Various studies show results of hormone related malignancies, some common examples are breast cancer and prostate cancer as evaluated by Xiaohui Xu et.al4 and incenses type of repellents has become the need of day-to-day existence, respiratory diseases are the result of using incense repellents which leads to lung cancer. Some formulations of mosquito repellents are available with the combination of repellent and sunscreen, this combination is more prone to skin cancer(melanoma) affecting the teenage group of people along with allergic reactions and other skin disease which is highly transmittable to other people. Mosquito repellents show alterations in the leukocyte profile and histopathology of lung in case of carcinoma involving lung and associated structures. One of the prevalent types of carcinomas is Retinoblastoma affecting young age people.

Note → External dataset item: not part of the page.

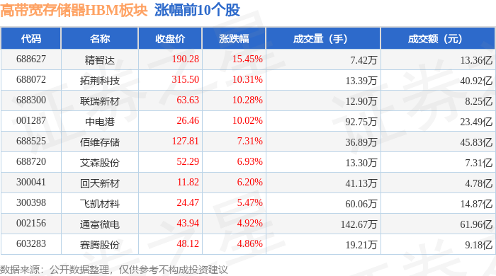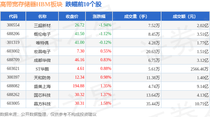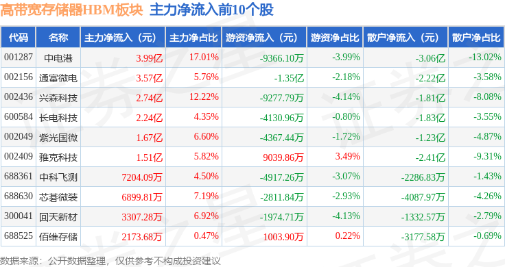 从资金流向上来看,当日高带宽存储器HBM板块主力资金净流入11.6亿元,游资资金净流入5905.12万元,散户资金净流出12.19亿元。高带宽存储器HBM板块个股资金流向见下表:

Despite being widely used to protect against vector-borne diseases, mosquito repellents can be harmful to one's health because some of their active ingredients are toxic and carcinogenic. Significant negative effects are currently highlighted by the evidence, but there is not enough conclusive data to draw firm conclusions about causal relationships. To clarify the long-term effects of mosquito repellent exposure on human health, comprehensive longitudinal studies, toxicological analyses, and clinical trials are therefore necessary. The possible health risks connected to these widely used products can be reduced by enforcing strict regulations, encouraging the use of safer natural substitutes, and raising public awareness.